▸ **WORK TASK**: Give back, exactly as written, the lines of the listing from the top through the line holding "OTTOBOCK 4025=L-XXL Manu", and nothing more. Exclude pictures.

BEGIN DATA EXTRACT

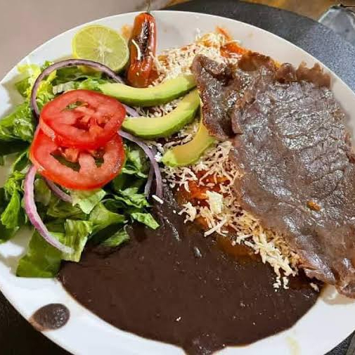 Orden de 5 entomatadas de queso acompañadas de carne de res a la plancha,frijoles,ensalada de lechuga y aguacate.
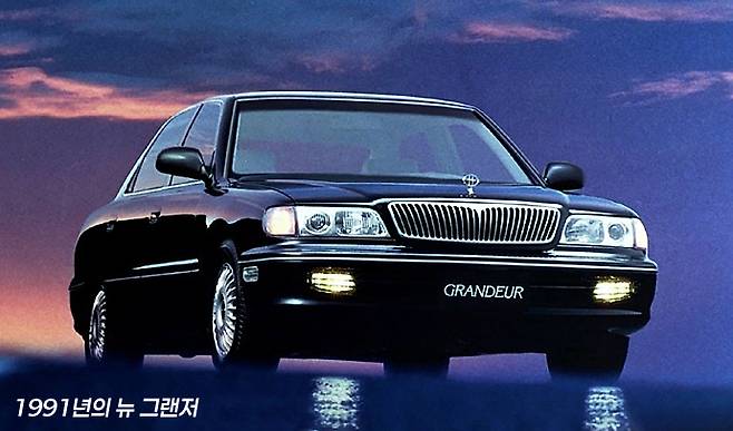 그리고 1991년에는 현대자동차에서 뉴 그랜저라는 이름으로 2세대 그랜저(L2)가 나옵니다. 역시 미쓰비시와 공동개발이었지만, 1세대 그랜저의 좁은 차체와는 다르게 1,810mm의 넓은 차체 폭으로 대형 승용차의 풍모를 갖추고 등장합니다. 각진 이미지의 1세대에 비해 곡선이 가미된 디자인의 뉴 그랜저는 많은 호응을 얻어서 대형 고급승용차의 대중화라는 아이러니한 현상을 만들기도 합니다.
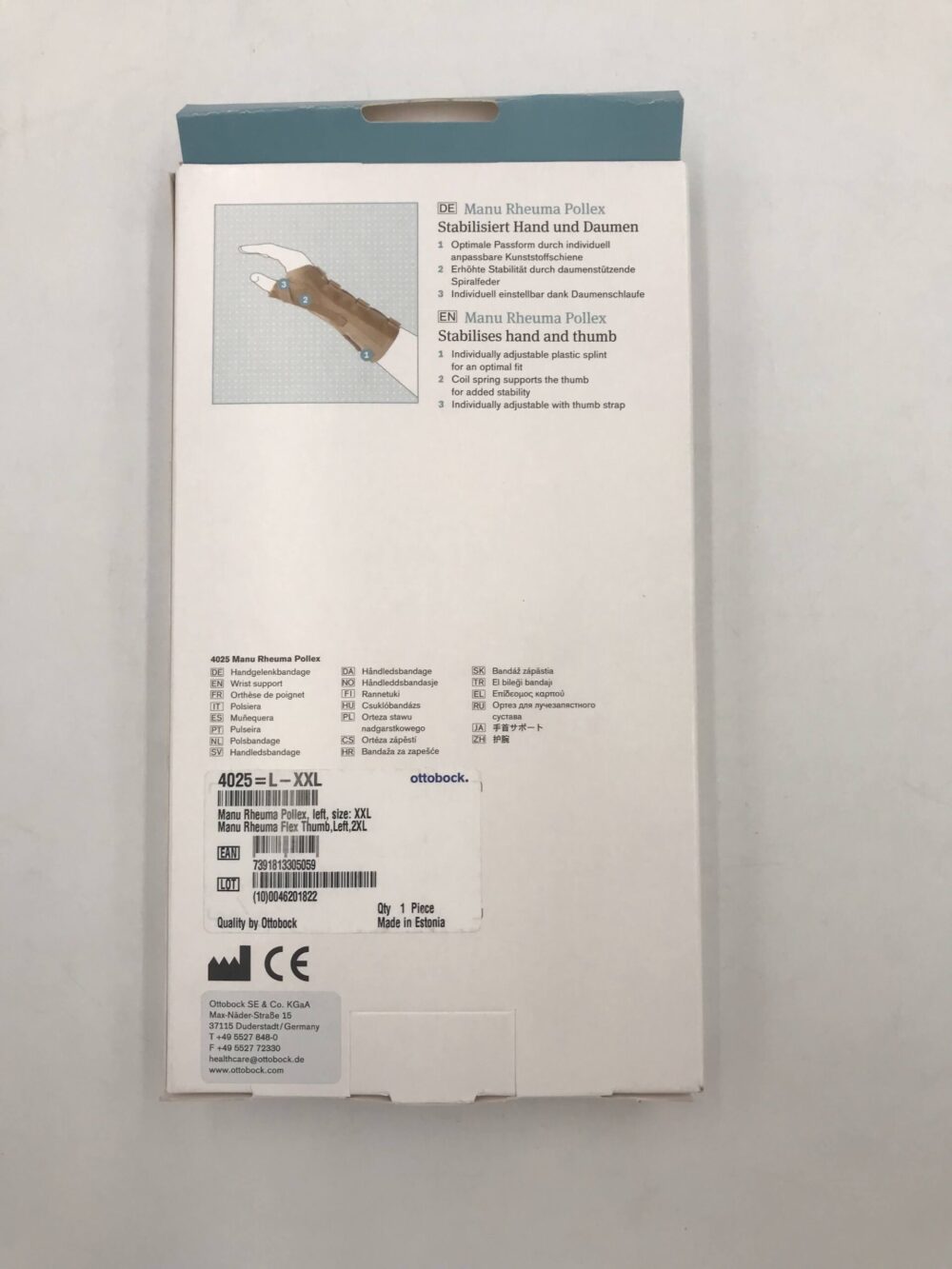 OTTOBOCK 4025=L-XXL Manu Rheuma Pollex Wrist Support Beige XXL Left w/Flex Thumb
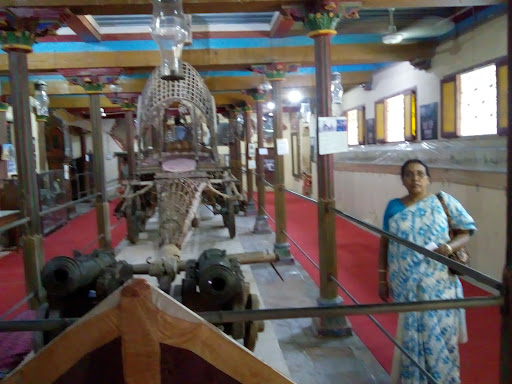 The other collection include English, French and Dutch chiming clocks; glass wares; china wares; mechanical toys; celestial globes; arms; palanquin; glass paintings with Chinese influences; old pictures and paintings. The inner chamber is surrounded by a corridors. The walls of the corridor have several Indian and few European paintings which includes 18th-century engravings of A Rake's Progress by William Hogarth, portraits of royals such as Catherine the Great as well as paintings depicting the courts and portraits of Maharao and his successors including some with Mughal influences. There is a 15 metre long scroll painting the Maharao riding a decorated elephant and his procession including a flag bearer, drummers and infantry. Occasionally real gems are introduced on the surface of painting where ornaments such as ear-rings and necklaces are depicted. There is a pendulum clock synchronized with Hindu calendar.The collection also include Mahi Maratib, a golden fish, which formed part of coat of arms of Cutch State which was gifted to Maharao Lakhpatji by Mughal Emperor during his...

END DATA EXTRACT

▸ **SOLUTION TO THE PROBLEM**:
 Orden de 5 entomatadas de queso acompañadas de carne de res a la plancha,frijoles,ensalada de lechuga y aguacate.
 그리고 1991년에는 현대자동차에서 뉴 그랜저라는 이름으로 2세대 그랜저(L2)가 나옵니다. 역시 미쓰비시와 공동개발이었지만, 1세대 그랜저의 좁은 차체와는 다르게 1,810mm의 넓은 차체 폭으로 대형 승용차의 풍모를 갖추고 등장합니다. 각진 이미지의 1세대에 비해 곡선이 가미된 디자인의 뉴 그랜저는 많은 호응을 얻어서 대형 고급승용차의 대중화라는 아이러니한 현상을 만들기도 합니다.
 OTTOBOCK 4025=L-XXL Manu Rheuma Pollex Wrist Support Beige XXL Left w/Flex Thumb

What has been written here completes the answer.